[Start of Attachment]

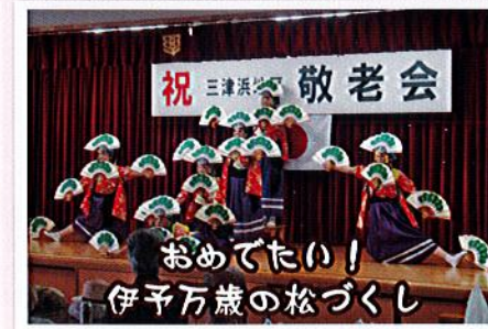
おめでたい!伊予万歳の松づくし
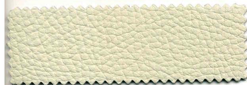
119 - beige
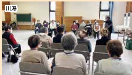
新年も楽しく参加
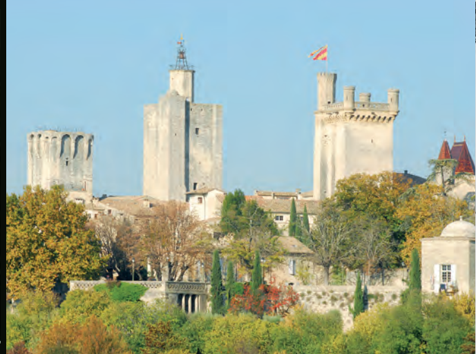
Las tres torres señoriales de Uzès. De izquierda a derecha: la torre del Rey, la torre del Obispo y la torre Bermonde (torreón del palacio ducal).
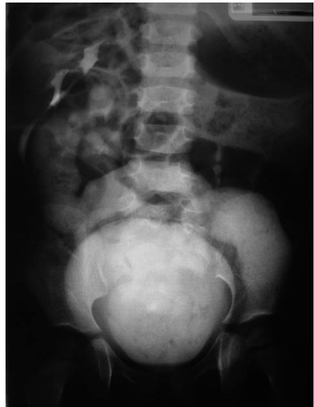
FIGURA 1. Evaluación radiológica que muestra la ectopia renal cruzada con fusión y severa hidroureteronefrosis.
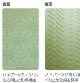
ハイパーVのノコハウを応用した柄模様
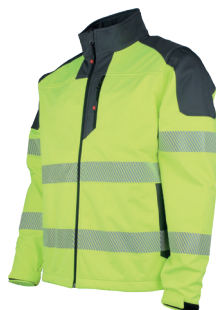
Jaune Fluo/Charcoal 740730HVJ
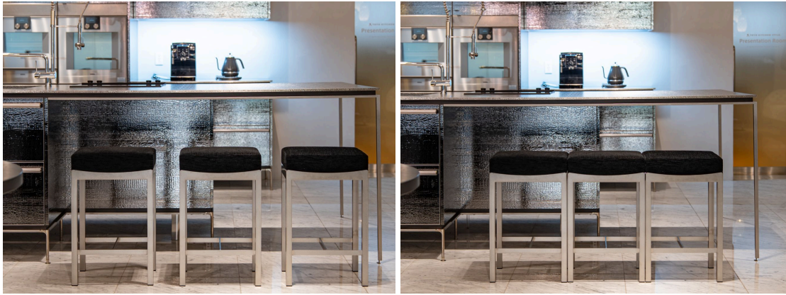
左：一脚ずつ離して置いた場合
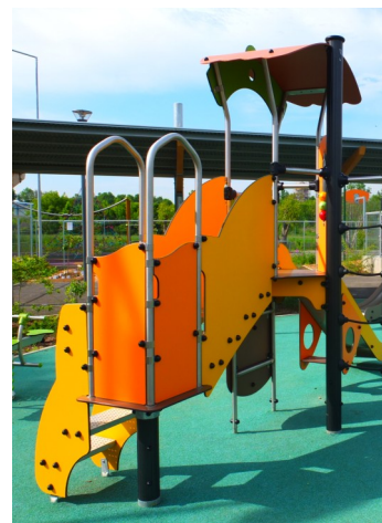
Les jeux extérieurs du primaire

Ces derniers ont largement contribué - entre autres - à équiper les deux centres de documentations du lycée : la BCD du primaire, et le 3C du secondaire.
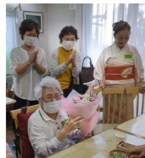
大ベテランの早出代表、これから発会の方も含め31人が参加。時間を忘れて語り合いました
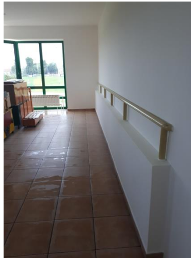
Slika 21 - pregrade - knauf ploče
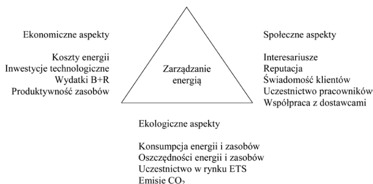
Rys. 1. Aspekty efektywności energetycznej w kontekście rozwoju zrównoważonego
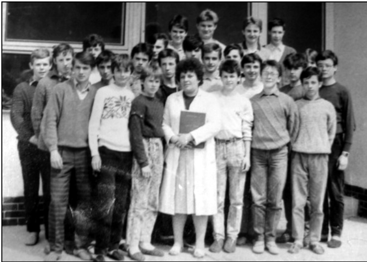
Ešte mladí študenti...
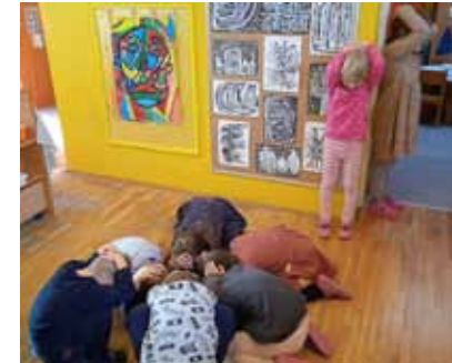
Vježbe i radionice za mališane Dječjeg vrtića Ivančice
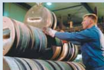
Eine sorgfältige Lagerung sichert die sofortige Einsatzbereitschaft der Werkzeuge.

Sie bedienen sich modernster Computertechnologien und Produktionsverfahren und sind mit ihrem besonderen Know-how und ihrer Erfahrung in der Lage, selbst komplizierte Aufgabenstellungen in kurzer Zeit souverän zu lösen und optimal umzusetzen.
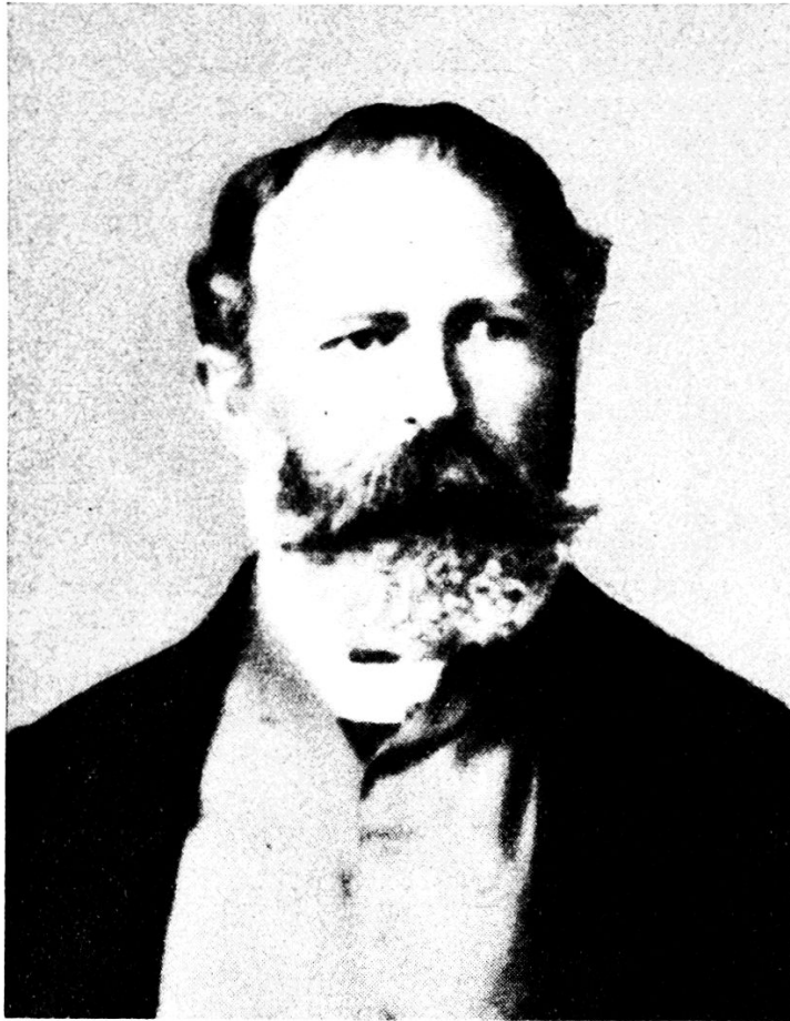
Professor Rudolf Lohbauer 1802–1873

stät durchzog der junge Lohbauer Franken; er kam nach Nürnberg und Würzburg, und dankte den alten Stätten der Kultur und der herrlichen Landschaft künstlerische Anregung. Nach Ludwigsburg zurückgekehrt, wandte er sich nun der freien Kunst zu. Illustrationen zu Mozarts «Don Juan» wurden veröffentlicht. Die Wirkungen der Julirevolution führten ihn zur burschenschaftlichen Betätigung zurück. Als Redaktor des freiheitsdurstigen «Hochwächter» schuf er sich Namen und Feindschaft. Der Bogen brach, als Lohbauer eine Sammlung zensurierter Artikel in Buchform vereinigte und als «Der Hochwächter ohne Zensur» in Pforzheim herausgab. Flüchtig erreichte er Strassburg. Dort traf er unter andern Bruno Uebel, mit dem ihn von nun an dauernde Freundschaft verband. Beide wandten sich der Schweiz zu. Im April 1833 langten sie in Burgdorf an. Uebel zog nach Zürich, während Lohbauer, wie erwähnt, bei Bauinspektor Roller Aufnahme und, besonders an den berühmten «Samstagen» im Stadthause, Gesinnungsgenossen und Freundschaft fand. Ungefähr 2 Jahre weilte Lohbauer, der mancherorts und besonders durch militärische Kenntnisse in Offizierskreisen sich gut ein-
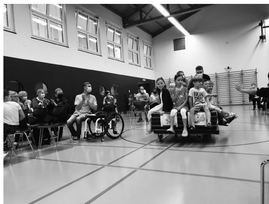
«Grosser Bahnhof» für unsere Jüngsten: Die Kinder der 1. Klasse werden auf dem Mattenwagen in die Turnhalle gefahren.

So lautet das Jahresmotto der Schule Meierskappel für das neue Schuljahr 21/22. Am Montagmorgen des 16. August begrüßten wir unsere Schülerinnen und Schüler nach sechs Wochen Sommerferien wieder zurück an der Schule. Speziell hiessen wir die Kinder der 1. Klasse willkommen. Für die Kindergartenkinder startete der Unterricht am Nachmittag.
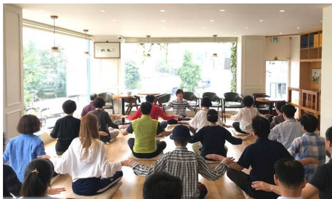
▲新入门的学员在学炼法轮功第五套功法

出路时，遇到了法轮功。参加了九天班后，她激动的说：“真是找对了功法啊，我决心用尽自己的一生坚持修炼法轮功。”
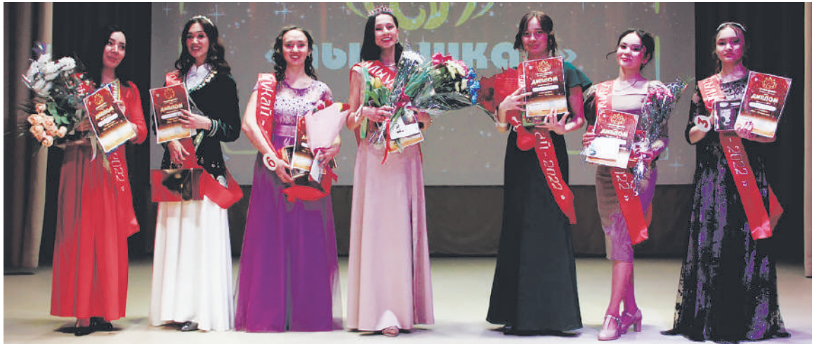
Весенний конкурс.

Настоящее шоу состоялось в этот день на сцене Дома дружбы народов. Красивые, позитивные, активные девушки все конкурсные задания выполняли на высочайшем уровне. Было пять массовых выходов – презентация, танцевальный флешмоб «Спортивные танцы», показ современной моды, дефиле в башкирских костюмах и в вечерних платьях. Столь же успешно участницы продемонстрировали свои таланты в конкурсе художественной самодеятельности – показали башкирские сольные танцы, спели песни, прочитали стихотворения, а Флорида МАР-
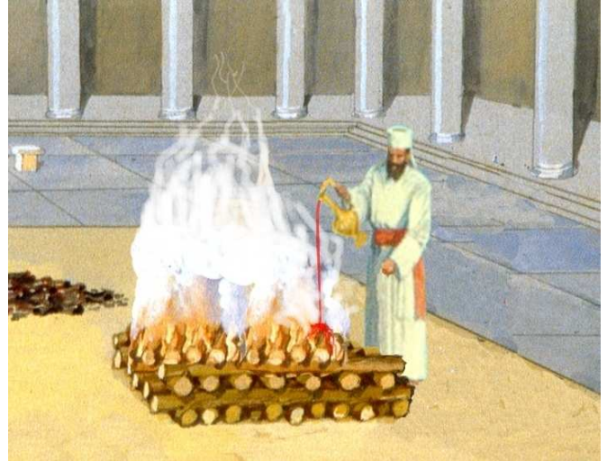
שפיכת דם על גבי האישים. על פי שיטת רבן גמליאל שדם שעלה לא ירד, אומרת הגמרא שיש לזרוקו כהלכתו. אולם התוספתא מחדשת, שלפי דעה זו צריך לשפכו על גבי האש.

דעת ר' יוסי הגלילי ור' עקיבא בעניין הדם אינה ברורה: בלחם משנה (הל' פסולי המוקדשין ג, ג) כתב שלדעתם אינו מתקדש, שכן "עולה" או "כבשים" הם דבר הנקטר. לעומתו, בזבח תודה (ד"ה והלכתא) כתב שלא מיעטו אלא דבר שאינו מין כבשים או עולה, אבל הדם הוא עיקרו של הכבש והעולה, וראוי שיתקדש לדעתם.
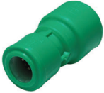
ข้อต่อตรงลด
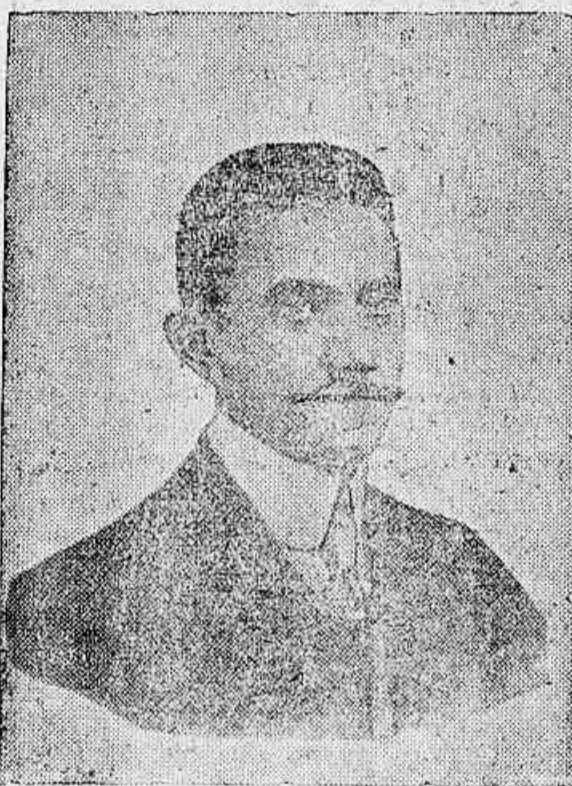
Senador João Thomé de Saboya e Silva ex-presidente do Estado, que dá o nome Avenida á inaugurar-se

do Hymno Nacional. Finda esta cerimonia, a banda de musica se-
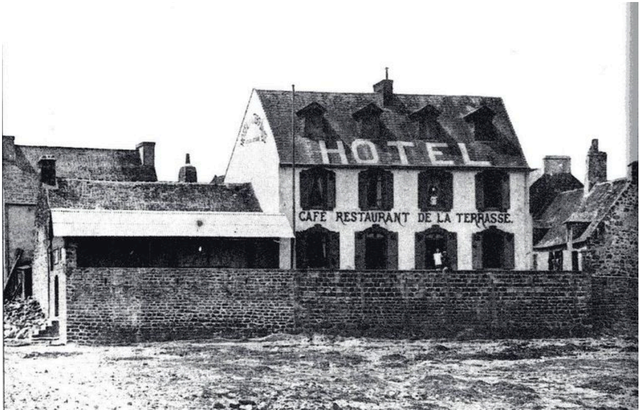
Café-hôtel La Terrasse au début du 20e siècle (?)
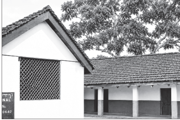
1904-இல் தொடங்கப்பட்ட தாயம்மாள் பெண்கள் பள்ளி
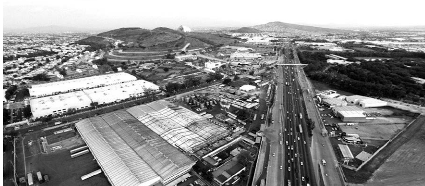
Fotografía: Pablo Vázquez Piombo, 2015.
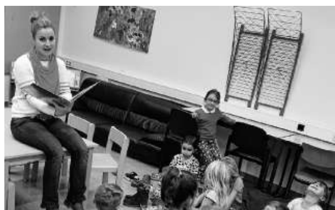
Conni liest vor

Auch dieses Jahr findet das landesweite Literatur-Lese-Fest statt. Und die Schulbücherei ist dabei! Conni hat die lustige Geschichte „Wenn ich groß bin, werde ich Fledermaus“ vorgelesen.
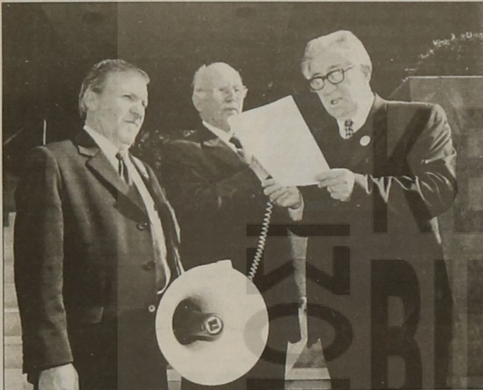
Κατά την ανάγνωση του ψηφίσματος διαμαρτυρίας, στην είσοδο του Τουρκικού προξενείου Μελβούρνης

Κεντρική ομιλία έγινε την Κυριακή 22 Μαΐου 2005, 7 μ.μ. στην αίθουσα της Ποντιακής Κοινότητας Μελβούρνης και Βικτώριας με θέμα: "Το χρονικό της Γενοκτονίας του Ποντι-
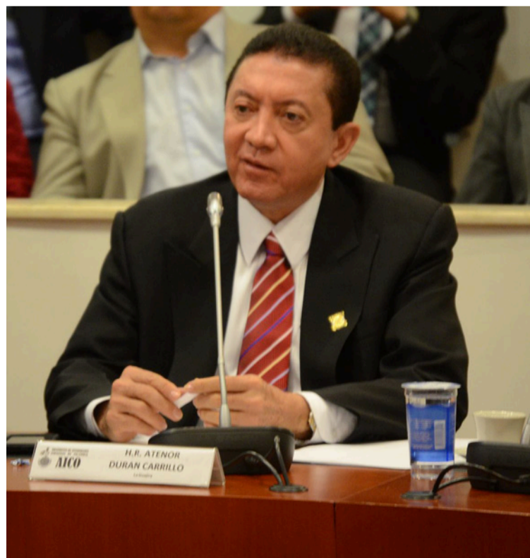
Durán expresó que apoyará la lista del partido de la U a la Cámara de Representantes, que aún no se conforma.

que tengo plena confianza y con el que he venido construyendo esa buena relación es con él, y vamos a seguir haciendo equipo", expresó.
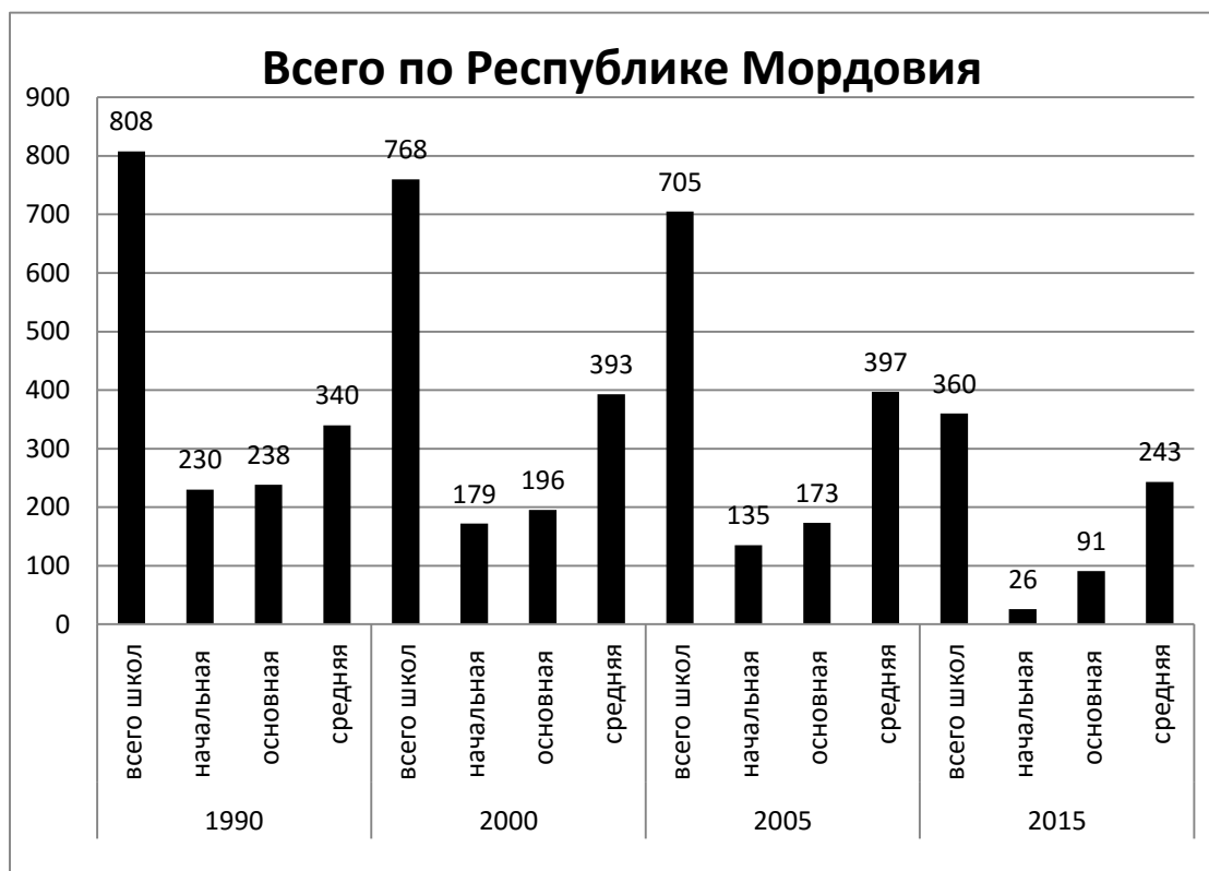
Рис. 1. Динамика общего числа школ Республики Мордовия [2].

Как видно из рисунка 1, общее число школ постоянно уменьшается. Так, в период с 1990 по 2015 гг. количество школ сократилось на 448, что составляет около 65% от числа школ, функционирующих на сегодняшний момент. Резкое уменьшение количества школ начинается после 2005 г. Так, если за 15 лет, начиная с 1990 г., общее количество школ сократилось на 103, то с 2005 по 2015 гг. это сокращение увеличивается почти в половину – на 365 школ.
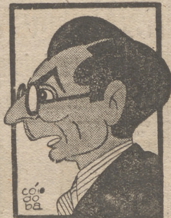
Anoche fué estrenada en el María Guerrero la comedia original de Víctor Riuz Iriarte denominada "El landó de seis caballos", que alcanzó un gran éxito.

Esta obra, más que una comedia, me parece un bello y dulce poema en donde se mezcla la gracia y la sonrisa y en donde la nostalgia queda envuelta por el velo de la fantasía.
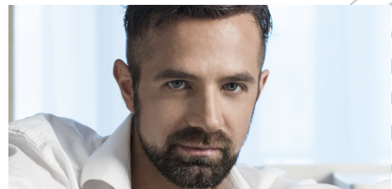
Max Emanuel Cencic ( Arbace )
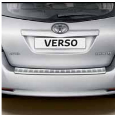
Protezione soglia paraurti posteriore.
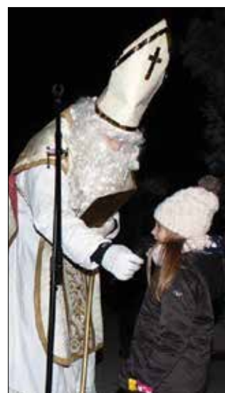
Miklavža so v goste povabili tudi člani Turističnega društva Rečica ob Savinji.

Letošnje srečanje z Miklavžem bo še bolj pisano in veselo, saj bodo poleg bogatega programa, ki ga bodo izvedli učenci Osnovne šole Rečica ob Savinji, poskrbeli še za praznični prižig lučk na rečiškem trgu. Proti koncu meseca,
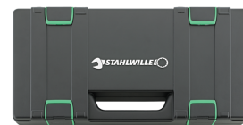
81251014 Cassetta assortimento
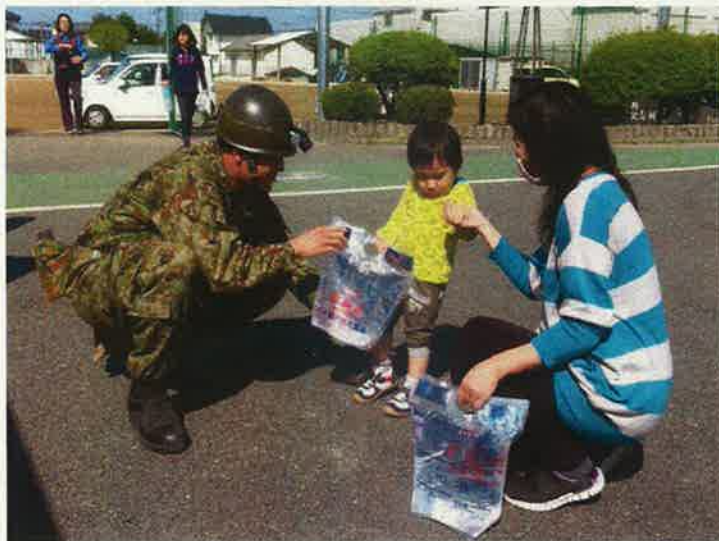
活動場所:菊池市立隈府小学校
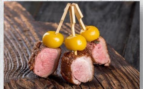
Шашлык из утки с черри 1 шт. / 50 гр. 335 руб.
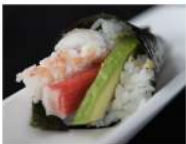
98/ Temaki california €3,50 Cono di riso avvolto da alga nori con surimi di granchio, gambero cotto, avocado e maionese Allergeni: 2, 3, 11
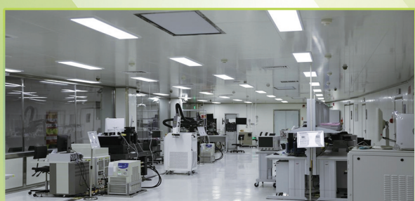
未来芯片中心的芯片测试平台。
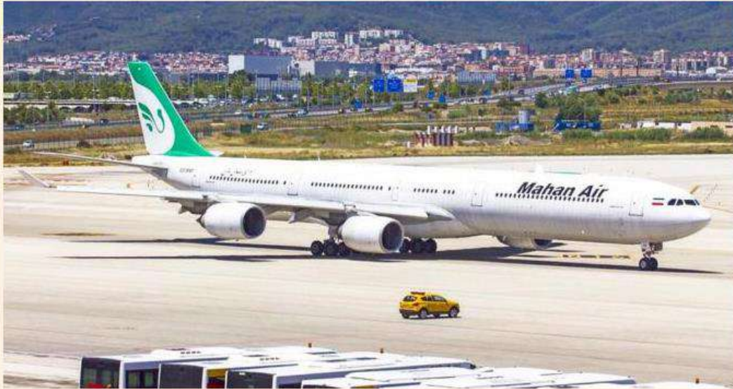
Una aeronave de Mahan Air en pista en el aeropuerto de Barcelona-El Prat
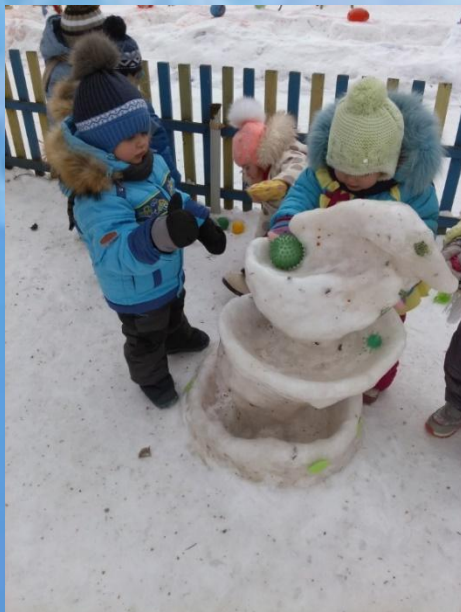
Змейка-спираль для запуска шариков.

Тихо падает снежок, То зима пришла, дружок, Мы играем, веселимся, И мороза не боимся!

[End of Attachment]

**Work required**. Please leave out the pictures as you reproduce the lines exactly, from the first line of the entries through the line containing "Eine sorgfältige Lagerung".

**The answer**.
おめでたい!伊予万歳の松づくし
119 - beige
新年も楽しく参加
Las tres torres señoriales de Uzès. De izquierda a derecha: la torre del Rey, la torre del Obispo y la torre Bermonde (torreón del palacio ducal).
FIGURA 1. Evaluación radiológica que muestra la ectopia renal cruzada con fusión y severa hidroureteronefrosis.
ハイパーVのノコハウを応用した柄模様
Jaune Fluo/Charcoal 740730HVJ
左：一脚ずつ離して置いた場合
Les jeux extérieurs du primaire

Ces derniers ont largement contribué - entre autres - à équiper les deux centres de documentations du lycée : la BCD du primaire, et le 3C du secondaire.
大ベテランの早出代表、これから発会の方も含め31人が参加。時間を忘れて語り合いました
Slika 21 - pregrade - knauf ploče
Rys. 1. Aspekty efektywności energetycznej w kontekście rozwoju zrównoważonego
Ešte mladí študenti...
Vježbe i radionice za mališane Dječjeg vrtića Ivančice
Eine sorgfältige Lagerung sichert die sofortige Einsatzbereitschaft der Werkzeuge.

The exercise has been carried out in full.